NO MATTER HOW STRESSFUL LIFE BECOMES,
KEEP MOVING FORWARD!
If you have been following my blog for a while, then you know it started out soon after my husband finished his last round of chemotherapy and radiation treatments and after he was completely healed from his major surgery. This blog was to help me have the most positive year of my life in 2011. See up till that point in my life, I wasn't a very positive person. From years of living with a negative mother who thinks that Hell is on Earth, some (or maybe I should say a lot) of her negativity rubbed off onto me. However, in December of 2010, I made up my mind that I was going to change my way of thinking during the year of 2011, and I would be grateful and positive about having my husband by my side for another year! I will admit that the last 3 1/2 years since my husband was diagnosed with cancer have been full of stress and anxiety; however, I have learned that we have to keep putting one foot in front of the other, and we have to keep moving forward!
Last night my husband and I had a heart-to-heart conversation about how these last 3 1/2 years have affected us financially as well as emotionally.
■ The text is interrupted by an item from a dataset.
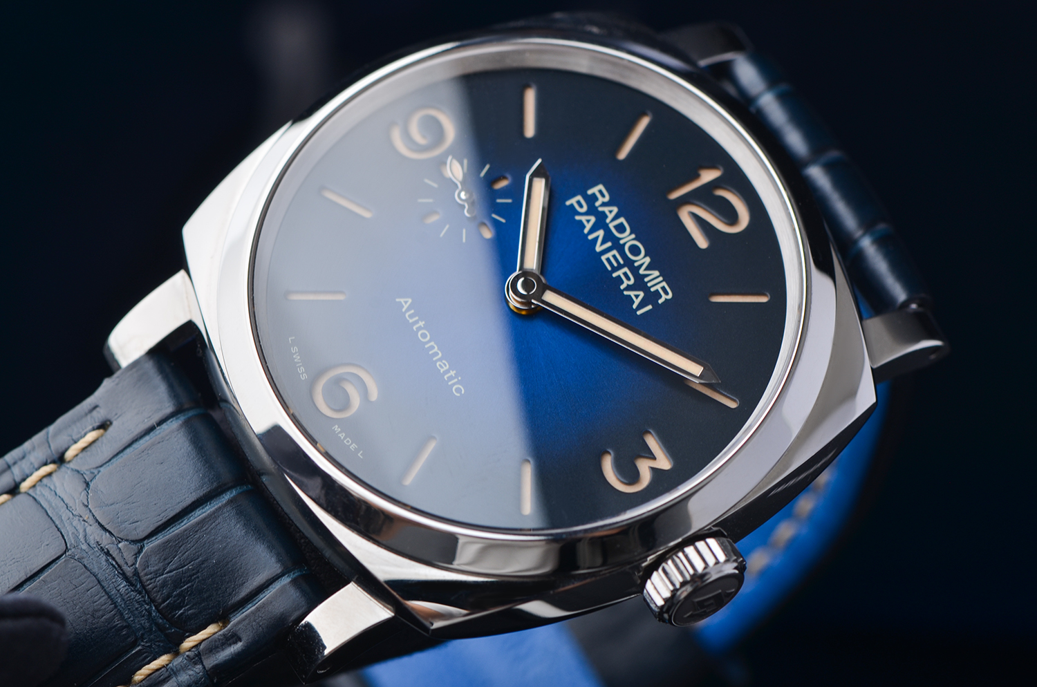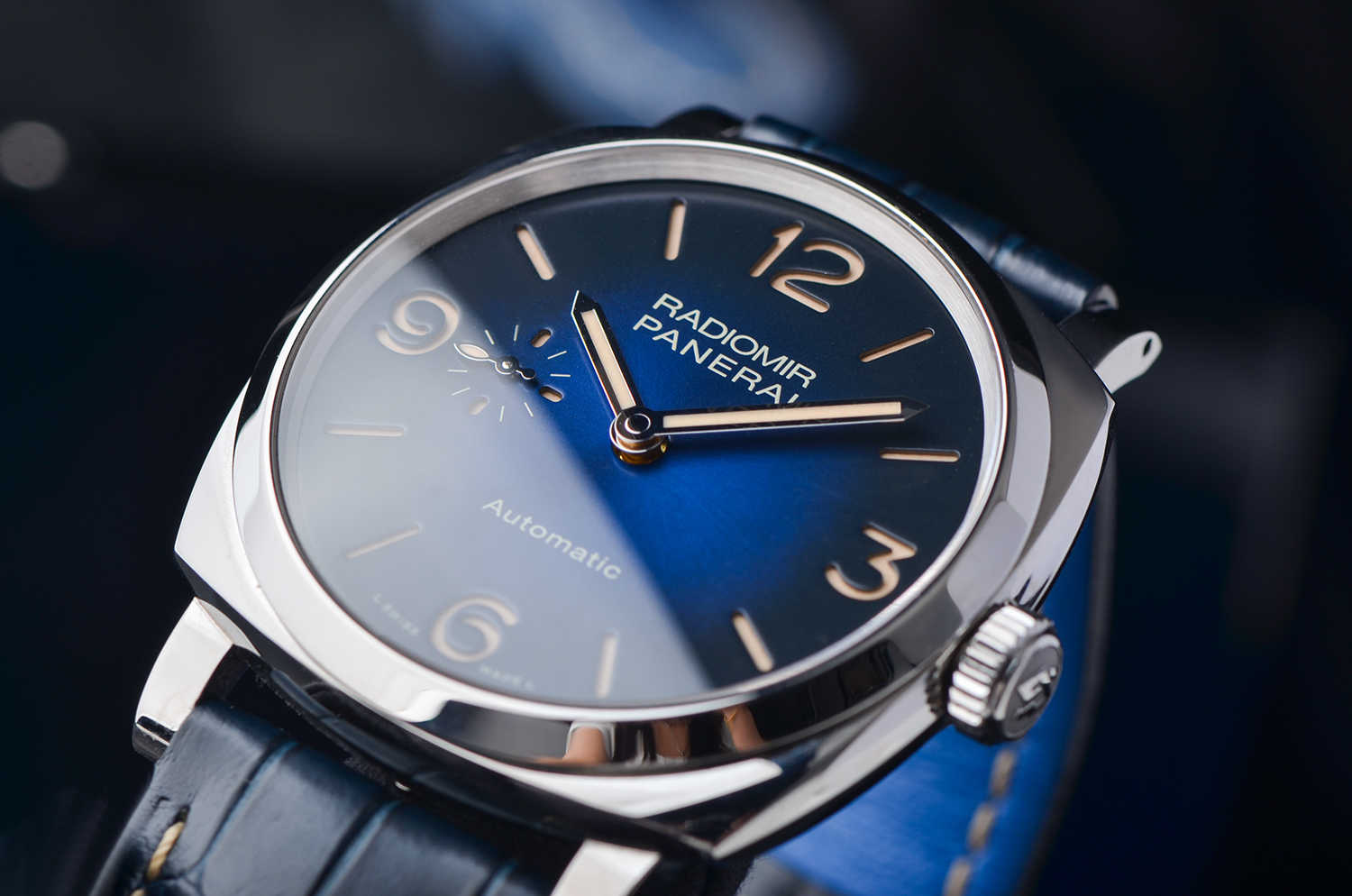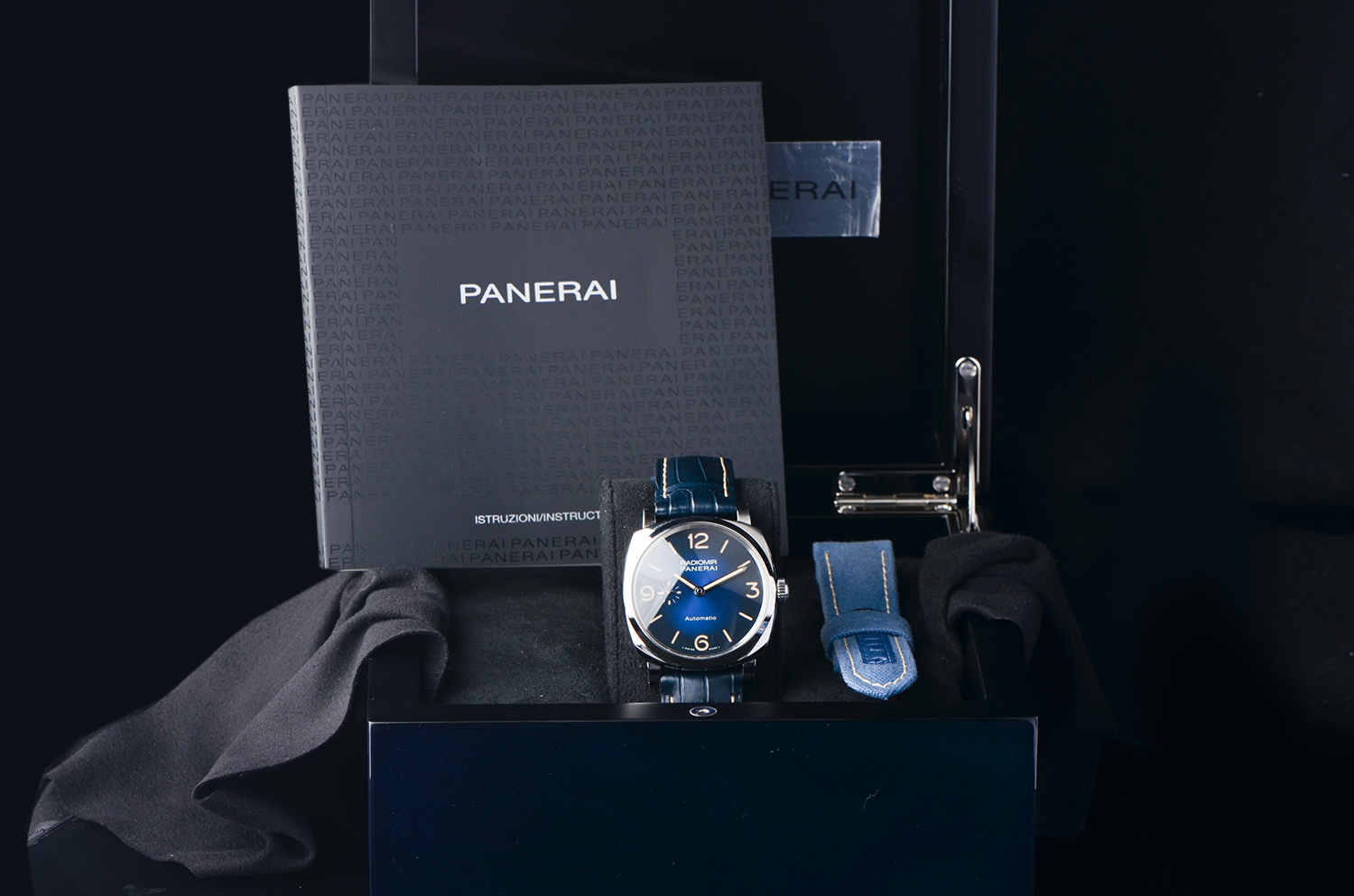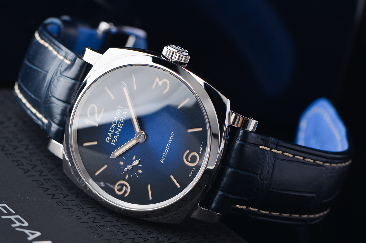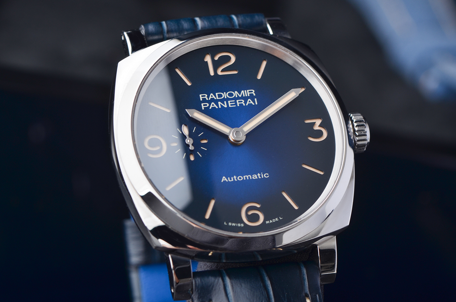 灵感源自深邃的地中海,沛纳海 PAM00933 以独特的渐变蓝色表盘,诠释出海洋般的光影变化。42 毫米抛光不锈钢表壳,搭配经典的 Radiomir 1940 枕形设计,既大气又优雅。

Not only has my wonderful husband been through a tremendous change physically, and he went through tremendous amounts of pain throughout his healing process, and he went though many years of rehabilitation to get close to his normal amount of strength back, but now, I see my husband facing another level of pain.....the pain that stress creates from not being able to pay your monthly bills from all the accumulated debt from our medical expenses. The ironic thing about this is that it's like my husband and I have traded places. Years ago, I would have been the one stressing about money and stressing if the bills were getting paid on time; however, now in present day, my husband has taken that role, and I try not to think about it. I told him that I cannot think about our financial crisis that we are now facing, because it would cause me to go insane. I have to put it out of my mind, take each day one-by-one, and pray that I am able to pay our monthly bills when they come due.
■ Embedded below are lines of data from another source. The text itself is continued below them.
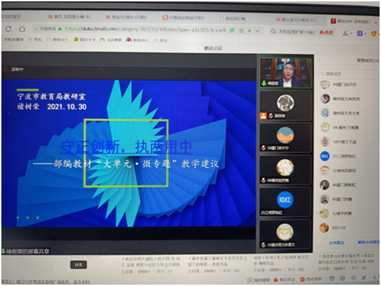 院长黄金明等专家进行线上教学。针对该学科教学展开丰富多样的课程,由高校教授与中学优秀教师共同执教,内容涉及“高中学习任务群教学到底应该怎么教—以‘实用性阅读与交流’学习任务群为例”、“部编本文言文阅读教学与语文核心素养培育”、“文学教育与文学类文本的阅读”和“统编本高中语文选择性必修课程概述及教学建议”等十四个讲座。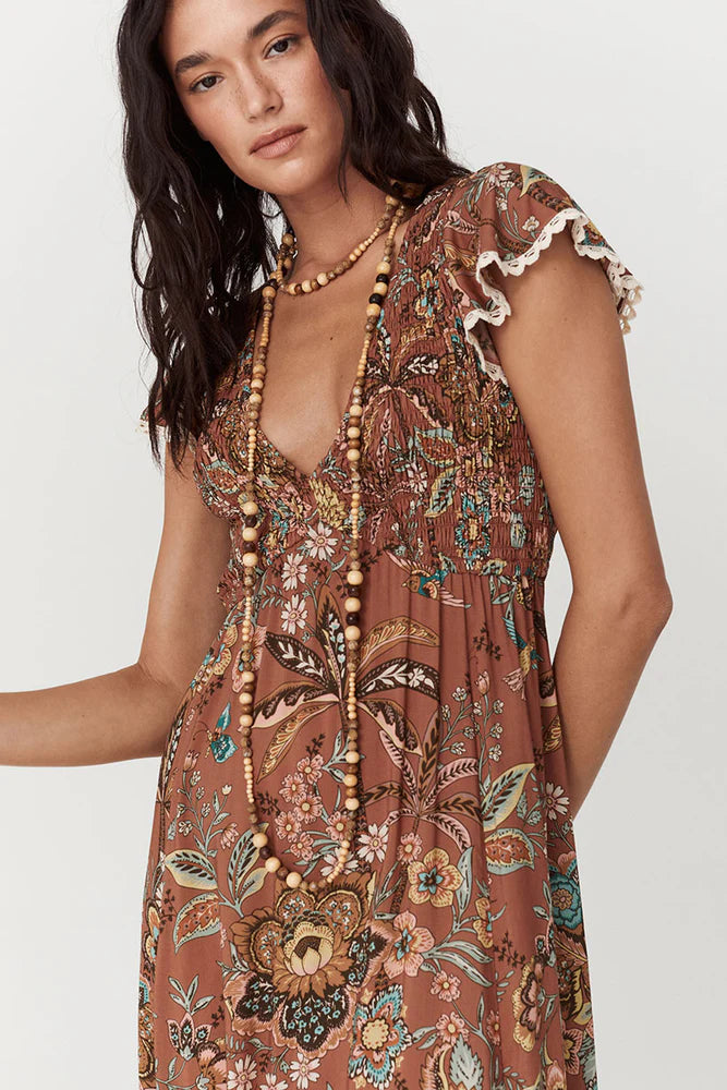 Our Mojave Lily Shirred Maxi Dress in Amber is an alluring masterpiece that invites you into a desertscape in full bloom. With a fully shirred bodice and elasticated waist, this silhouette flatters effortlessly, embracing the curves. The deep V-neckline and flutter sleeves add a hint of romance, while amber and earthy hues bring the print to life, adorned with flowering palms, blooms and exotic birds. We imagine our dress paired with flats and a cardigan for date night or with a heel and fine jewels for an elevated affair.
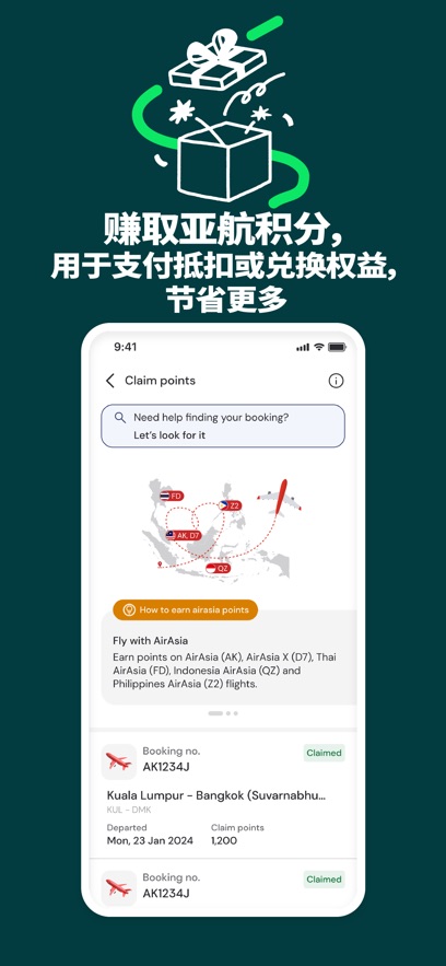 每一笔交易都能赚取亚航积分,足够的总积分即可兑换额外的产品和服务等。通过airasiamoveapp预订机票、酒店或其他服务,您可以累积积分,兑换各种奖励和优惠,让您的旅行更加超值。

Last night it pained me to hear my husband tell me how he feels that our little family of three is secluded on a deserted island, and we are all alone. Let me elaborate a little bit. Since my husband's illness all of our friends and family members have turned their backs and have walked out of our life. Now, you may think I am exaggerating. Well, unfortunately that is not an exaggeration. No one visits us at our home, and we visit no one, because we are never invited to anything....and when I say anything......I mean anything! It's just the three of us all the time! Now, some of our friends may read this, and they may get offended, because they are sitting there thinking, "Hey! I'm your friend. We talk on Facebook all the time." Well, my friend, you may talk to me on Facebook on a regular basis, but when was the last time you sat down with my husband and I and had a face-to-face conversation? The answer to that is probably never or a very long time ago.
As my family moves through this crisis and as I try to figure out a way to lesson the financial burden on my husband's shoulders, all I can encourage my husband to do is keep moving forward! Keep putting one foot in front of the other, and only take each day as we are blessed with it.